(Stored records)
%%

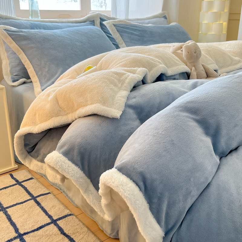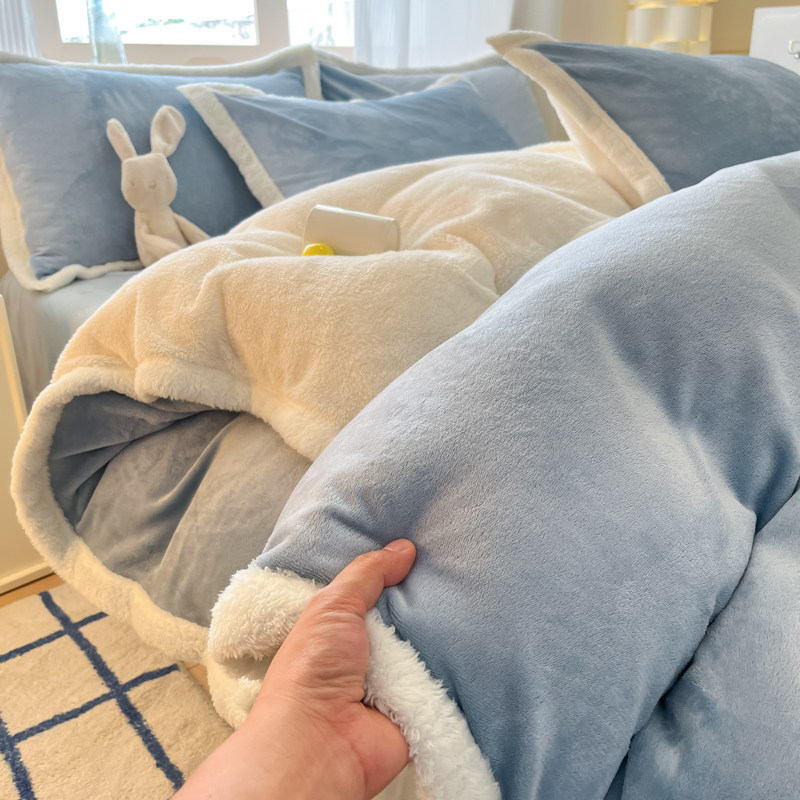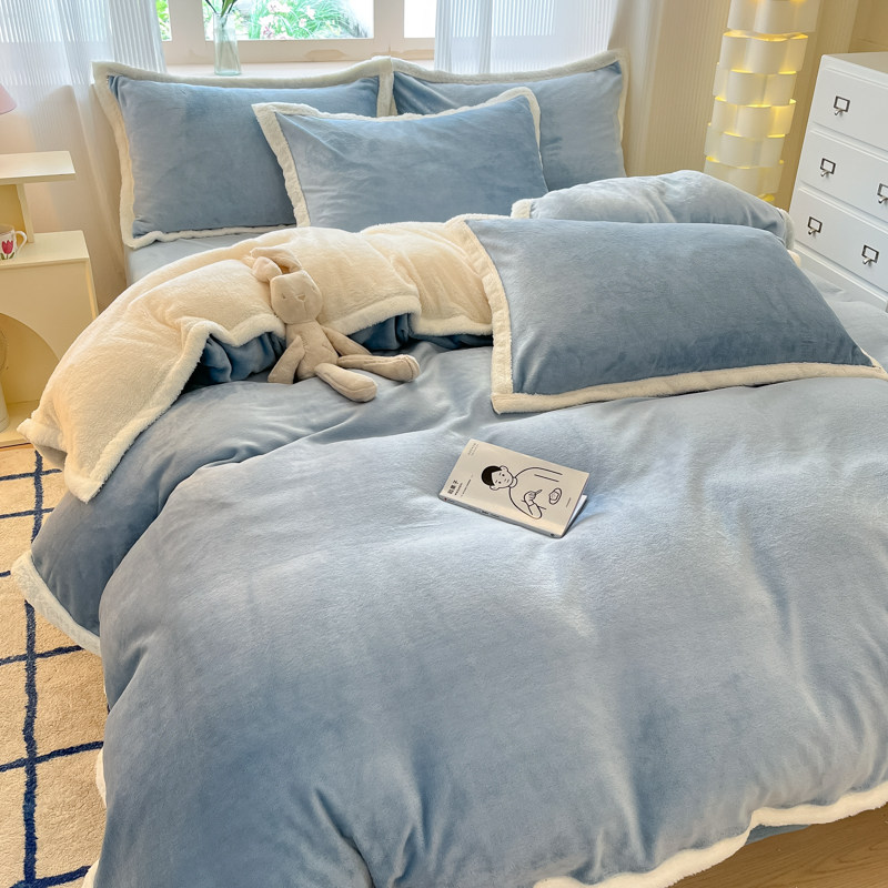 双面加厚牛奶羊羔绒被套单件180x200cm加厚保暖珊瑚绒被罩四件套3
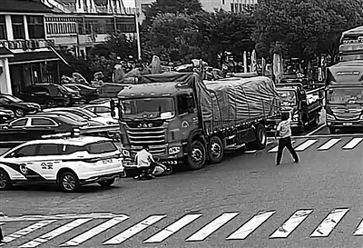 本报讯 眼看老人要被大货车卷进车底,千钧一发之际,一辆警车横在了大货车前面,救了老人一命!这一幕发生在近日的海宁街头。
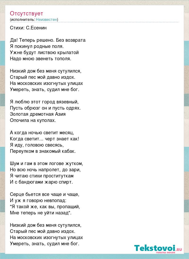 Стихи: С.Есенин Да! Теперь решено. Без возврата Я покинул родные поля. Ужне будут листвою крылатой Надо мною звенеть тополя. Низкий дом без меня сутулился, Старый пес мой давно издох. На московских изогнутых улицах Умереть, знать, судил мне бог. Я люблю этот город вязевный, Пусть обрюзг он и пусть одрях. Золотая дремотная Азия Опочила на куполах. А когда ночью светит месяц, Когда светит... черт знает как! Я иду, головою свесясь, Переулком в знакомый кабак. Шум и гам в этом логове жутком, Но всю ночь напролет, до зари, Я читаю стихи проституткам И с бандюгами жарю спирт. Серце бьется все чаще и чаще, И уж я говорю невпопад: "Я такой же, как вы, пропащий, Мне теперь не уйти назад". Низкий дом без меня сутулился, Старый пес мой давно издох. На московских изогнутых улицах Умереть, знать, судил мне бог.
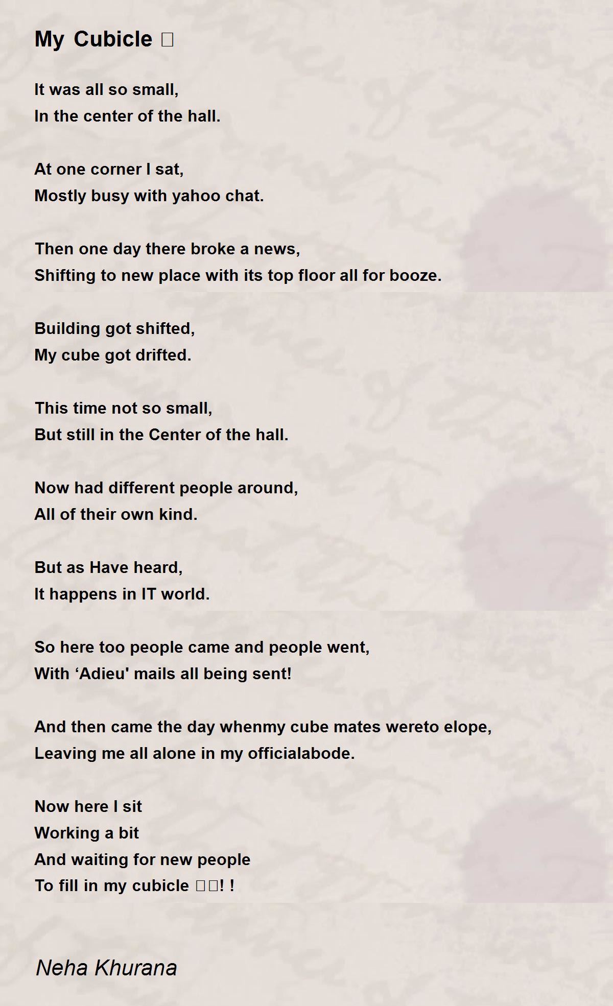 And then came the day whenmy cube mates wereto elope,
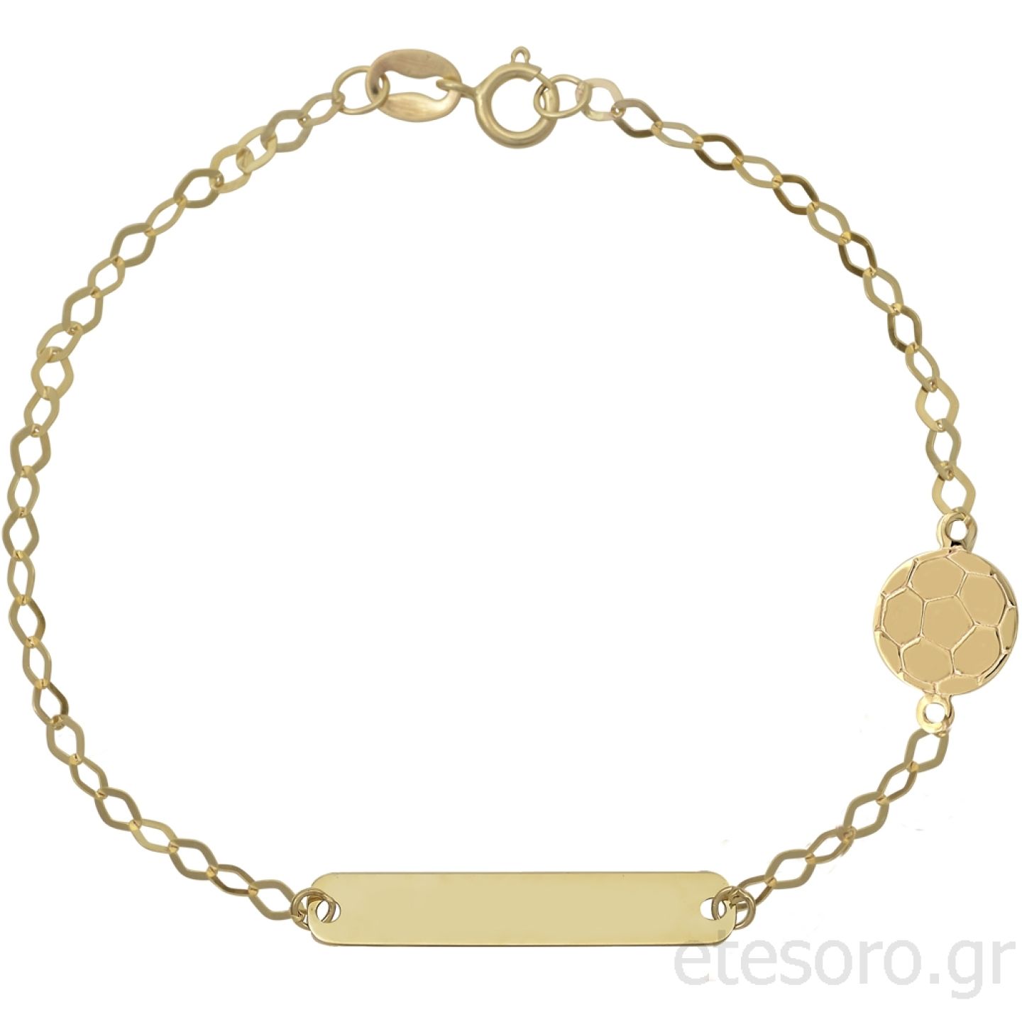 Χρυσή παιδική ταυτότητα με μπάλα στο πλάι, μπορούμε να χαράξουμε όνομα, φράση, ή ημερομηνία της επιλογής σας.
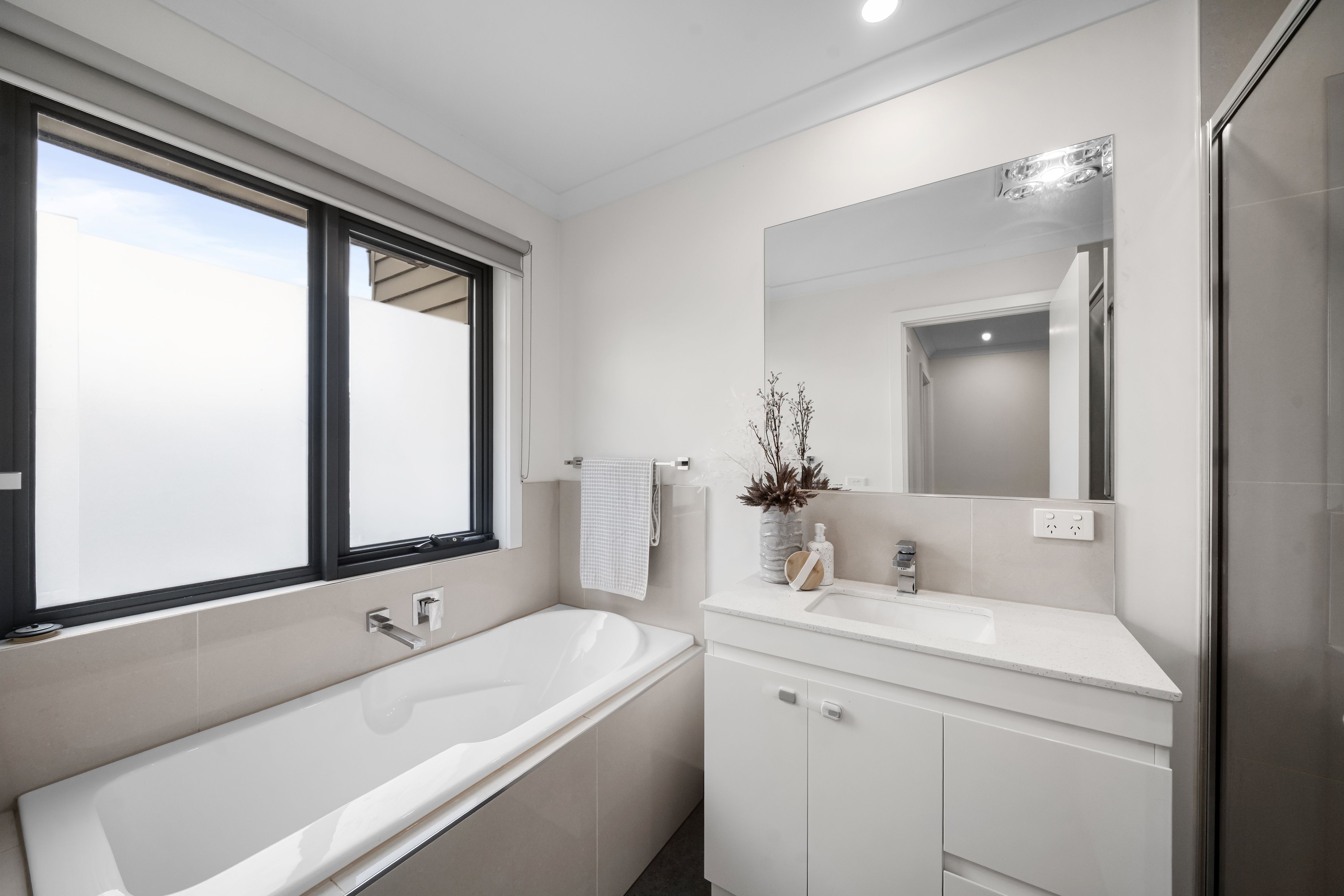 The accommodation offers well-proportioned bedrooms with built-in storage, serviced by a modern central bathroom finished with clean, contemporary tones. Every element of the home has been designed with low-maintenance living in mind, allowing you to spend more time enjoying your lifestyle and less time on upkeep.
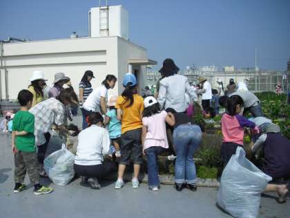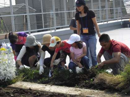 花アドバイザーの大田さんや野菜アドバイザーの久保さんのご指導をいただきながら、苗の植え替えや花殻つみなどをしました。中学生や入学前の子どもたちも手伝ってくれました。
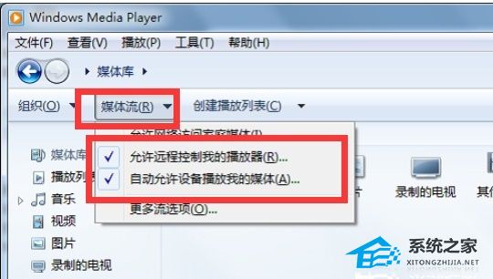 7. 点击左上角“媒体流”,勾选如图所示的两个选项就可以投屏了。
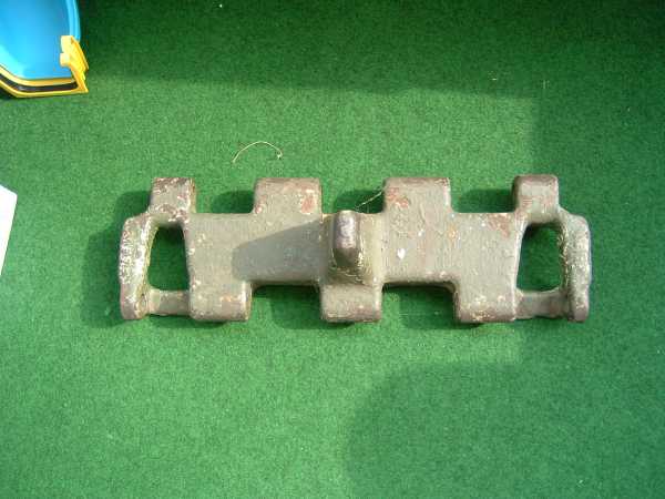 ich würde mich freuen, wenn mir jemand nähere Angaben zu diesem Kettenglied machen könnte, vielleicht anhand der Bezeichnungen die nach dem Strahlen unter dem Dreck und Rost zu Tage traten.

%%

Repeat the records in full, exactly as they appear, without the pictures.

SOLUTION TO THE PROBLEM »
 双面加厚牛奶羊羔绒被套单件180x200cm加厚保暖珊瑚绒被罩四件套3
 本报讯 眼看老人要被大货车卷进车底,千钧一发之际,一辆警车横在了大货车前面,救了老人一命!这一幕发生在近日的海宁街头。
 Стихи: С.Есенин Да! Теперь решено. Без возврата Я покинул родные поля. Ужне будут листвою крылатой Надо мною звенеть тополя. Низкий дом без меня сутулился, Старый пес мой давно издох. На московских изогнутых улицах Умереть, знать, судил мне бог. Я люблю этот город вязевный, Пусть обрюзг он и пусть одрях. Золотая дремотная Азия Опочила на куполах. А когда ночью светит месяц, Когда светит... черт знает как! Я иду, головою свесясь, Переулком в знакомый кабак. Шум и гам в этом логове жутком, Но всю ночь напролет, до зари, Я читаю стихи проституткам И с бандюгами жарю спирт. Серце бьется все чаще и чаще, И уж я говорю невпопад: "Я такой же, как вы, пропащий, Мне теперь не уйти назад". Низкий дом без меня сутулился, Старый пес мой давно издох. На московских изогнутых улицах Умереть, знать, судил мне бог.
 And then came the day whenmy cube mates wereto elope,
 Χρυσή παιδική ταυτότητα με μπάλα στο πλάι, μπορούμε να χαράξουμε όνομα, φράση, ή ημερομηνία της επιλογής σας.
 The accommodation offers well-proportioned bedrooms with built-in storage, serviced by a modern central bathroom finished with clean, contemporary tones. Every element of the home has been designed with low-maintenance living in mind, allowing you to spend more time enjoying your lifestyle and less time on upkeep.
 花アドバイザーの大田さんや野菜アドバイザーの久保さんのご指導をいただきながら、苗の植え替えや花殻つみなどをしました。中学生や入学前の子どもたちも手伝ってくれました。
 7. 点击左上角“媒体流”,勾选如图所示的两个选项就可以投屏了。
 ich würde mich freuen, wenn mir jemand nähere Angaben zu diesem Kettenglied machen könnte, vielleicht anhand der Bezeichnungen die nach dem Strahlen unter dem Dreck und Rost zu Tage traten.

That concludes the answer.